PROBLEM TO WORK ON — For the material below, return exactly the lines starting at the one holding "Efter modtagelsen og" and ending at the one holding "Následky vichřice mezi", counting both as part of the range.
Start of RAW DATA
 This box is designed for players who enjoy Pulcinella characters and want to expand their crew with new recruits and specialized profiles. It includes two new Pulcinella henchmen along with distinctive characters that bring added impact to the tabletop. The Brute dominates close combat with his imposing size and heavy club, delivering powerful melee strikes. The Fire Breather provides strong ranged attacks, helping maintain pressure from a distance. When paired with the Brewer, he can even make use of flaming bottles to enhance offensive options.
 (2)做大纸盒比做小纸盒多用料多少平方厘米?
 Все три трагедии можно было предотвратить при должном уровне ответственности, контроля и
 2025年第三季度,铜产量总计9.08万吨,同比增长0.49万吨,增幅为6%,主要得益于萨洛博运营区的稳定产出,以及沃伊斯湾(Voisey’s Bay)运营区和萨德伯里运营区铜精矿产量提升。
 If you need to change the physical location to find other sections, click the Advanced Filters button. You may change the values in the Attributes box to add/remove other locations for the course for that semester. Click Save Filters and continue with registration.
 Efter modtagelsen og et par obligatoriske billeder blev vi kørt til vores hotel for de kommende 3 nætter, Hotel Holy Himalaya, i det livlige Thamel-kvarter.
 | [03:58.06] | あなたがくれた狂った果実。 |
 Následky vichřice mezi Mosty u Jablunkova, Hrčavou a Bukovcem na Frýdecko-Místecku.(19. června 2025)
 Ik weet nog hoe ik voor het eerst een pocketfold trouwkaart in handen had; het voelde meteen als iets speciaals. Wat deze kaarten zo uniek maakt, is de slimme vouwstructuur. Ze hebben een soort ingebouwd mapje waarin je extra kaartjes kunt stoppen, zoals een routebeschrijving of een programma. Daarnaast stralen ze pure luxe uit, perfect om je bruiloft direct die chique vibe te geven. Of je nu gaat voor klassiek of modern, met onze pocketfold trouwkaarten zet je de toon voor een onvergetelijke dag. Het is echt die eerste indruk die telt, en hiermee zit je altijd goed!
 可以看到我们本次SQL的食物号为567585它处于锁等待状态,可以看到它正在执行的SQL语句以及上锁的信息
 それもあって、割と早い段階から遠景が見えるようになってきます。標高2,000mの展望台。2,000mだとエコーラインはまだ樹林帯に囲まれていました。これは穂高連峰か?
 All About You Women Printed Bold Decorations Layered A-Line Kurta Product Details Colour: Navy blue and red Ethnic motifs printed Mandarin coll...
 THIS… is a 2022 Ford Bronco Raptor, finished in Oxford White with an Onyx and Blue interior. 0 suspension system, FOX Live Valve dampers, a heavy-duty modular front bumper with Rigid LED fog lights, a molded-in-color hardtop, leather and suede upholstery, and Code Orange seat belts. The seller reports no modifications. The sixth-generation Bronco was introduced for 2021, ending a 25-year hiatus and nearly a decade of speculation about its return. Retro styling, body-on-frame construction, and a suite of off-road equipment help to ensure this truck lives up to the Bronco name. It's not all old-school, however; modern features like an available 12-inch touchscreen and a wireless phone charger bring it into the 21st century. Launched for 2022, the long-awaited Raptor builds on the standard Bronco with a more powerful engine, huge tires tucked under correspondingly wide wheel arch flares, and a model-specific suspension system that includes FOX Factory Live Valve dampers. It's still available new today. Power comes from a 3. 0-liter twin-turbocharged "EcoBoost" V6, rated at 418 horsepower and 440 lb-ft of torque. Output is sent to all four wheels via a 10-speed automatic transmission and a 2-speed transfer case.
End of RAW DATA
ANSWER SPACE —
 Efter modtagelsen og et par obligatoriske billeder blev vi kørt til vores hotel for de kommende 3 nætter, Hotel Holy Himalaya, i det livlige Thamel-kvarter.
 | [03:58.06] | あなたがくれた狂った果実。 |
 Následky vichřice mezi Mosty u Jablunkova, Hrčavou a Bukovcem na Frýdecko-Místecku.(19. června 2025)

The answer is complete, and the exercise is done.